Incorrect inference when using the return keyword in an identity function, or when using an optional argument

I'm running into very weird behavior when using identity functions. I'm writing a wizard system with schema (attached is a playground link with a very simplified version), and using constrained identity function to get inference.

The problem occurs in one of the properties that cannot be inferred when I use either of these:

  • When the returned value from the identity function is using the return keyword (rather than a single-line return wrapped with parentheses). OR
  • When declaring an optional argument in the identity function. The argument is declared in the type definition of the identity function, and when using Parameters<typeof myFunction> it's inferred correctly both when declaring the argument and when I not.

Both these issues are super weird to me, which means I'm either missing something very fundamental or I have found 2 rare bugs.

This reproduces in all available playground versions (tried down to 3.3.3), and also in 4.8.

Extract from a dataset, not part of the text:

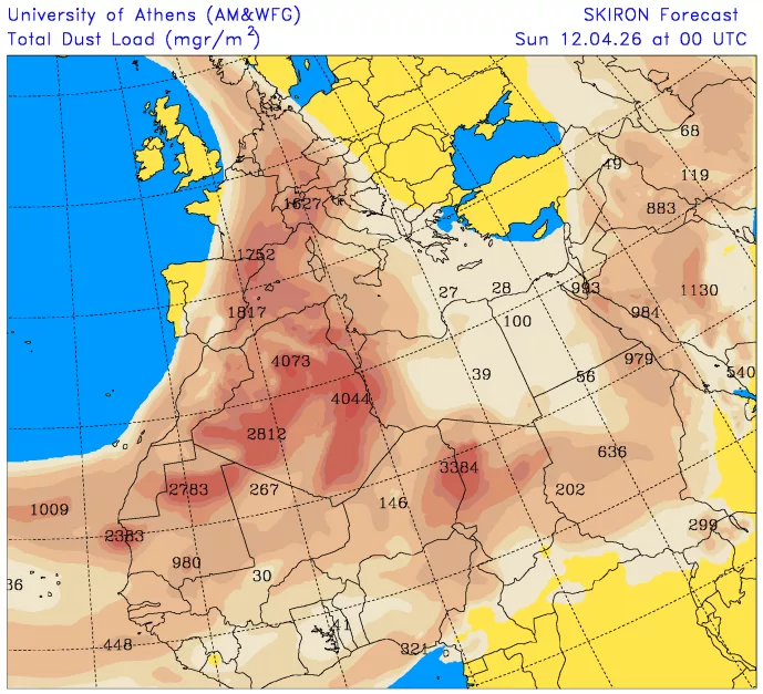 D’après les dernières modélisations atmosphériques (modèle SKIRON), une masse d’air affichant une forte concentration de particules fines en provenance directe du Sahara survolera le bassin méditerranéen tout au long du week-end. Le ciel devrait par conséquent prendre un aspect laiteux ou ocre, caractéristique de la présence de ce sable en haute altitude, filtrant ainsi le rayonnement solaire.

Playground link with relevant code

Probably better to check the playground for code examples, but there:

TYPES DECLERATIONS:

type Schema = Record<string, unknown> // modified from original for the sake of the example, if it doesn't make sense

type StepFunction<
  TSchema extends Schema = Schema,
> = (anything: unknown) => {
  readonly schema: TSchema
  readonly toAnswers?: (keys: keyof TSchema) => unknown
}

function step<TSchema extends Schema = Schema>(
    stepVal: StepFunction<TSchema>,
  ): StepFunction<TSchema> {
    return stepVal
  }

EXAMPLES: Notice the returned object of all functions is the same! The differences are in:

  • whether we use the return keyword or not (?!?!)
  • Whether we have the argument for the step function or not. not that if I do Parameters<typeof myStepValue> even when the argument is missing, it's inferred correctly (!)
// WORKS: `keys` is inferred based on the `schema`
// - no argument for `step` function
// - no `return` keyword
const workingExample = step(() => ({
  schema: {
    attribute: 'anything',
  },
  toAnswers: keys => {
    // RESULT: `keys` inferred successfully as `attribute`
    type Test = string extends typeof keys ? never : 'true'
    const test: Test = 'true'
    return { test }
  },
}))

// FAILS: `keys` is not inferred based on the `schema`
// - has argument for `step` function
const nonWorkingA = step(_something => ({
  schema: {
    attribute: 'anything',
  },
  toAnswers: keys => {
    // RESULT: `keys` failed to inferred hence defaults to `string`
    type Test = string extends typeof keys ? never : 'true'
    const test: Test = 'true'
    return { test }
  },
}))

// FAILS: `keys` is not inferred based on the `schema`
// - has `return` keyword rather than a "single-return" return with parentheses
const nonWorkingB = step(() => {
  return {
    schema: {
      attribute: 'anything',
    },
    toAnswers: keys => {
      // RESULT: `keys` failed to inferred hence defaults to `string`
      type Test = string extends typeof keys ? never : 'true'
      const test: Test = 'true'
      return { test }
    },
  }
})
Solution

  • Apparently this is a TypeScript inference issue about context-sensitive expressions (see https://github.com/microsoft/TypeScript/issues/49951 and https://github.com/microsoft/TypeScript/issues/47599).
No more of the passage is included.